Manual para combatir las urgencias en la Provicia

La administración Scioli hizo denodados esfuerzos en las últimas horas para acordar un plan de pagos con los proveedores de comedores escolares, a los que se les deben 400 millones de pesos. Además de buscar un crédito internacional capaz de asegurar el próximo pago de sueldos. En la búsqueda de recursos a cambio de letras provinciales se encuadraría la visita de Scioli a otras provincias
La demora para contar con el reajuste impositivo es demora en el engorde (aunque sea de algunos pocos gramos) de las arcas bonaerenses, y es demora en la “señal” de “hacemos todo lo que podemos” que la Provincia necesita mandar al despacho presidencial y aledaños.

Cada día las arcas provinciales enflaquecen, el líquido no alcanza y las vacas para ordeñar son cada vez menos.
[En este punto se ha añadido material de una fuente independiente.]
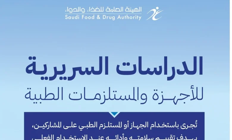 تواصل الهيئة العامة للغذاء والدواء تنظيم الدراسات السريرية للأجهزة والمستلزمات الطبية، بوصفها من المتطلبات الأساسية لتقييم السلامة والأداء الفعلي لتلك الأجهزة عند الاستخدام، وذلك في إطار دورها الرقابي والتنظيمي، وسعيًا إلى تعزيز مكانتها ضمن الجهات الرقابية الرائدة عالميًّا.
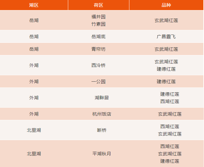 平湖秋月荷区品种主要为西湖红莲、建德红莲。
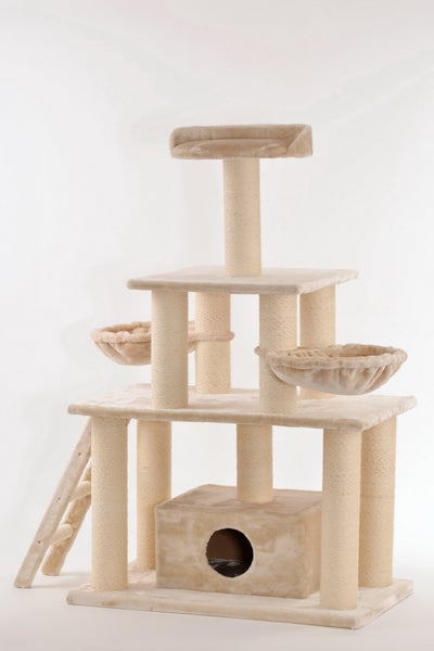 Rohrschneider Katzenbaum GinniBeschreibungDieser große Kratzbaum bietet das komplette Katzenprogramm. An den extra starken Holmen (ca. 12cm dick), die mit Natursisal umwickelt sind, kann nach Herzenslust geklettert werden. Aufgrund ihrer Größe bietet die Bodenplatte (ca. 100x58x4cm) optimale Standsicherheit. Die oberen Ebenen, 2 Hängemulden und eine runde Liegeplatte laden zum Ruhen und Beobachten ein. In der geräumigen Höhle kann sich Mieze jederzeit zurückziehen und ein ausgedehntes Nickerchen machen. Die seitlich angebrachte Leiter erleichtert auch kleinen oder älteren Stubentigern den Aufstieg. Alle Liegeflächen sin mit einem weichen Plüsch bezogen, der besonders dicht gewebt ist. Die hohe Qualität der verwendeten Materialien machen diesen Katzenbaum einzigartig und lange haltbar. Die Lieferung erfolgt zerlegt inkl. Aufbauanleitung. Gesamtmaß: B100xT58xH155cm
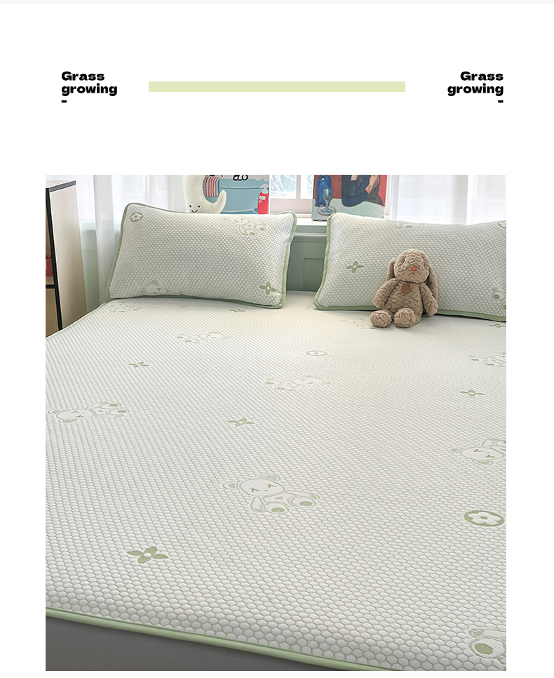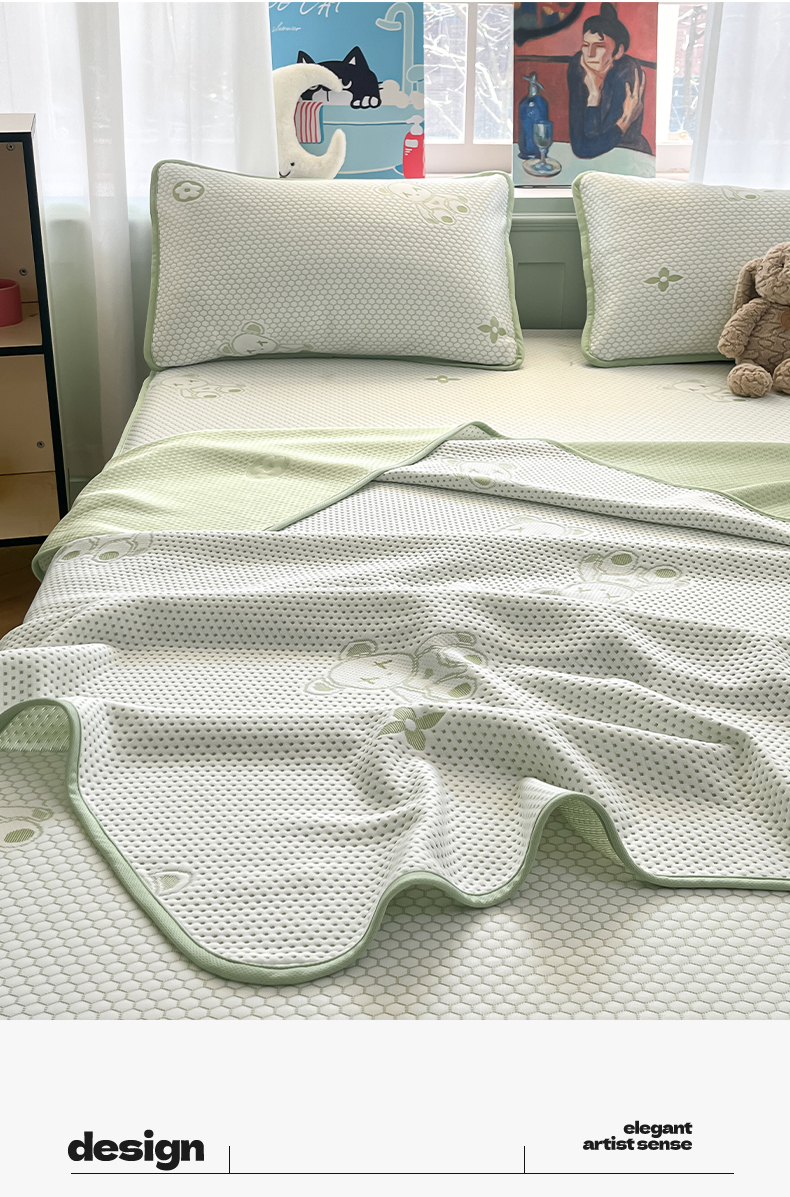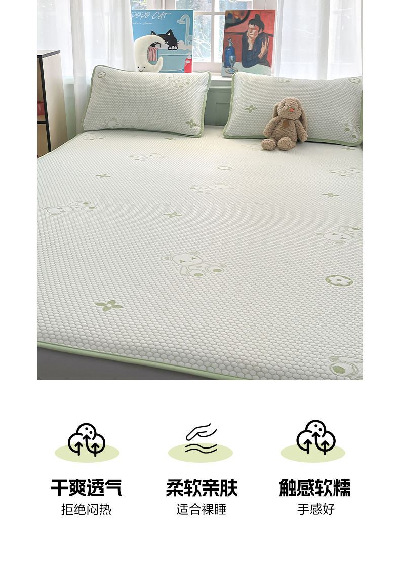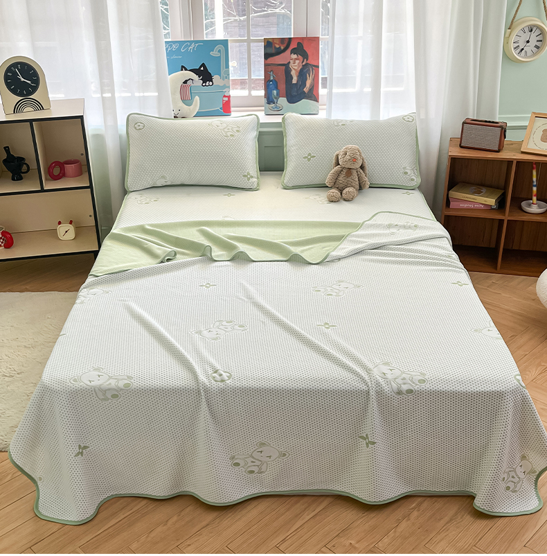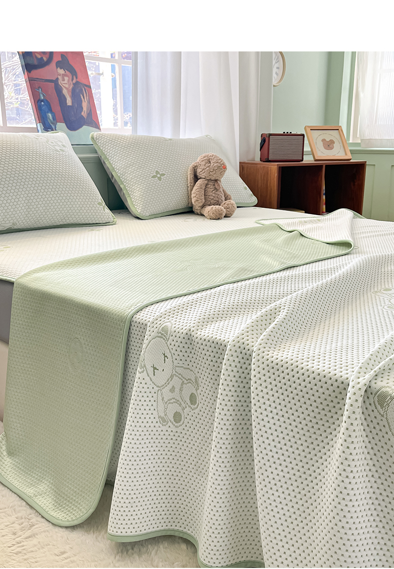 绘萱家居 2025爆款冰凉豆豆凉席夏被四件套三件套床笠款冰丝软席子 暴力熊-绿
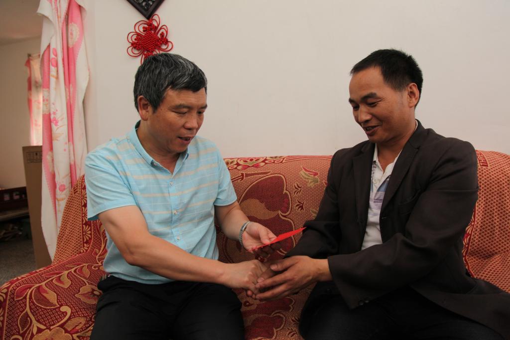 伟德国际victor1946党委副书记、副董事长赵锦洪走访慰问老厂分公司困难职工普志良、王丽华、吴绍屏。(李拉发/摄)
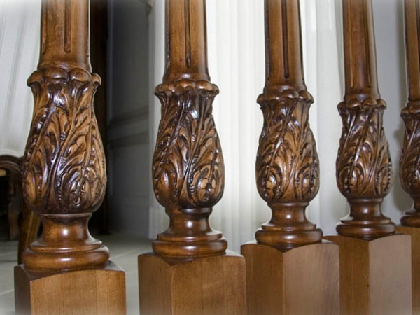 - Much more complicated is working on carved balusters made of wood for stairs. Usually this is the artistic work of the master and milling machine, transitions from one diameter to another. When such a product is produced by the company and we are talking about the serial process, the so -called copiers are used. This allows you to track the correspondence of each part.
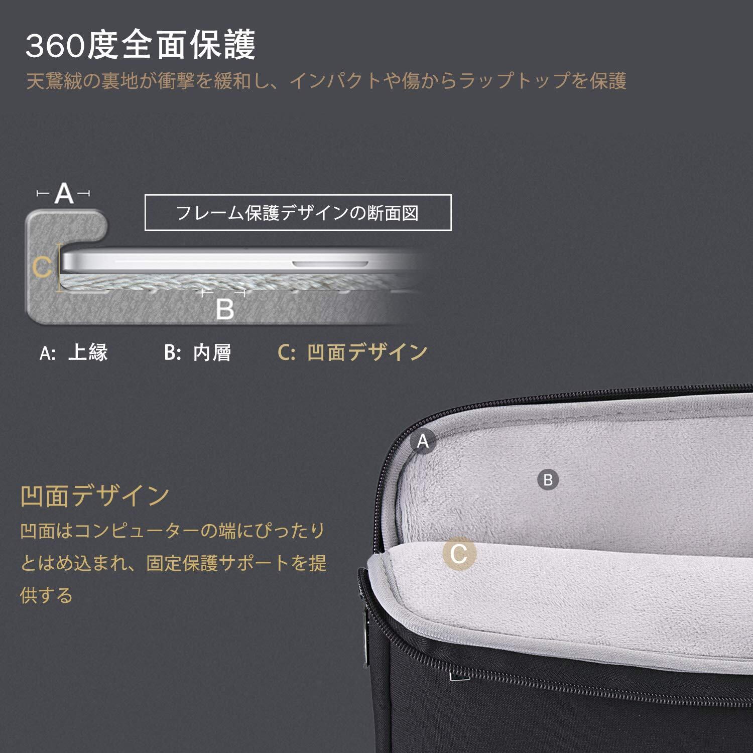 * 【全面保護】外部からの衝撃を吸収する厚みを保ちながら、体積を少なくして軽量化を実現しています。パソコンケース表面は撥水性に優れ、耐久性と高級感のあるオックスフォード布を採用しております。pcケースの内部が手触りの柔らかい天鵞絨で覆われていて、厚いクッション材が入っております。不意な落下や衝撃を吸収し、ラップトップが傷つかないように保護します。
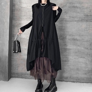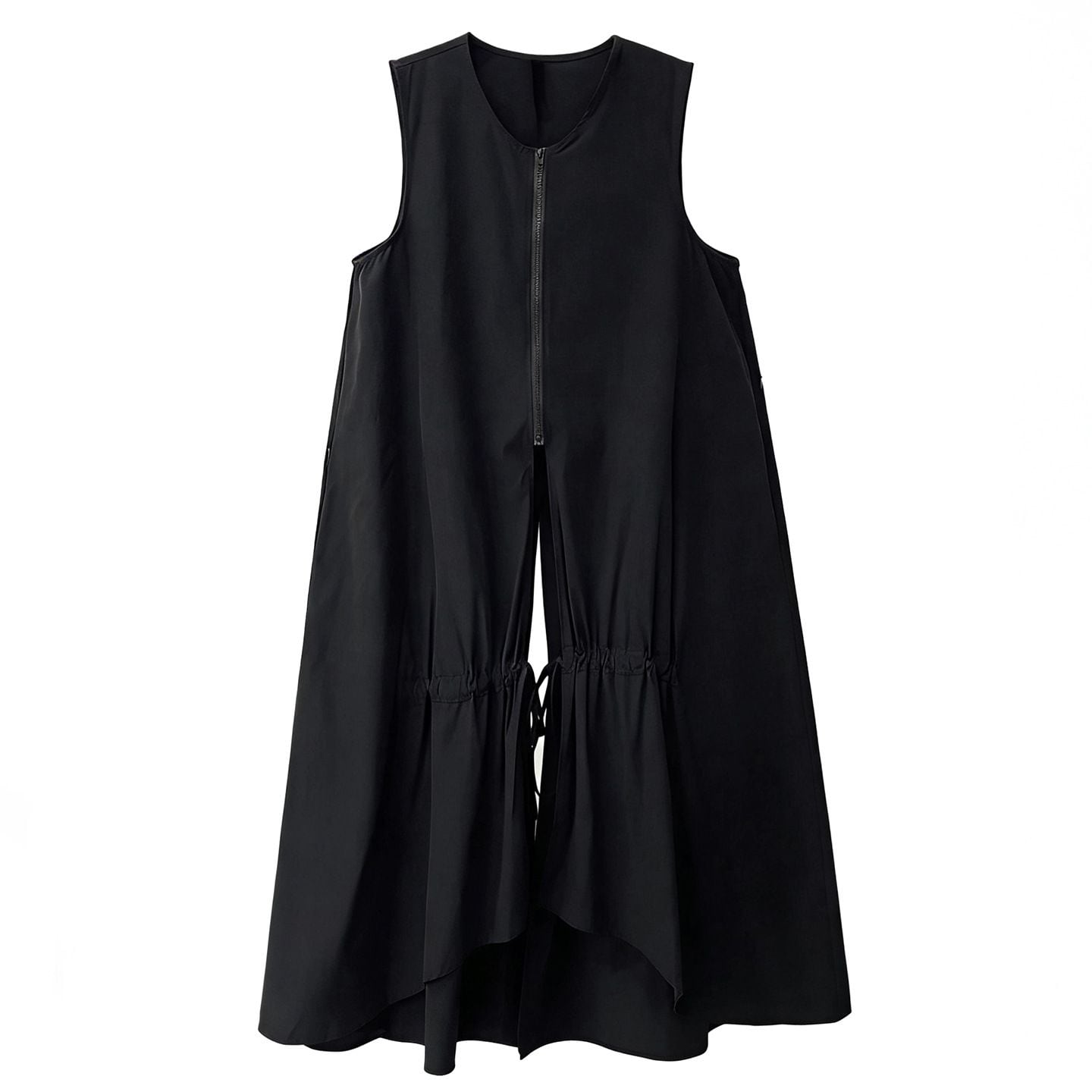 前後の深いスリットやセンターが短い裾のラインが特徴的な、ラウンドネックのベストジャケットです。ゆったりとしたAラインで、足の付け根あたりに施されたドローストリングでシルエットを調節できます。ブラックの単色で合わせやすい、コーディネートのアクセントになるアイテムです。
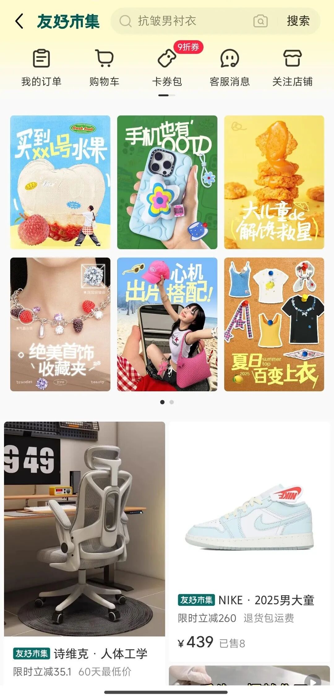 打开小红书的“友好市集”页面,区别于主流电商平台主打 “高效找货”的货架陈列,以及大幅促销 banner等,小红书映入眼帘的则是以兴趣内容为驱动的“创意摊位”,搭配诸如 “买到 XXL 号水果”“手机也有 OOTD” 等充满生活感、社区特色的海报式封面。

Los propios responsables de la economía bonaerense reconocen que la presión tributaria, luego de esta adecuación de la ley Impositiva, no puede ser mayor.

En ese contexto, la administración Scioli hizo denodados esfuerzos en las últimas horas para acordar un plan de pagos con los proveedores de comedores escolares, a los que se les deben 400 millones de pesos. Además de buscar un crédito internacional capaz de asegurar el próximo pago de sueldos. En la búsqueda de recursos a cambio de letras provinciales se encuadraría la visita de Scioli a otras provincias.

La molestia en Nación por la revelada intención del mandatario bonaerense de calzarse el traje presidencial en la próxima contienda comienza a afectar más allá de la política interna del frente gobernante.

Scioli resistió a la firma del decreto el mismo día que se caía por tercera vez la sesión en Diputados. A través de Alberto Pérez respondió con un tajante “no” a la propuesta que acercaron las autoridades de la Cámara, y dejó abierta la posibilidad de negociar un escalonamiento en la aplicación del impuesto. El bloque del FAP era una posibilidad de llegar al quórum a partir de una propuesta propia de no aplicar todo el revalúo este año. Se negoció, pero tampoco hubo acuerdo.

Por entonces, en despachos fuera de la Cámara de Diputados y de la Gobernación, incluso en domicilios de la lejana Santa Cruz, veían cada vez con mejores ojos la posibilidad de empujar a Scioli a rubricar el decreto que haría pagar a él el mayor costo político. En esa postura siguieron después, mientras en el gobierno provincial se esforzaban por evitar el patadón.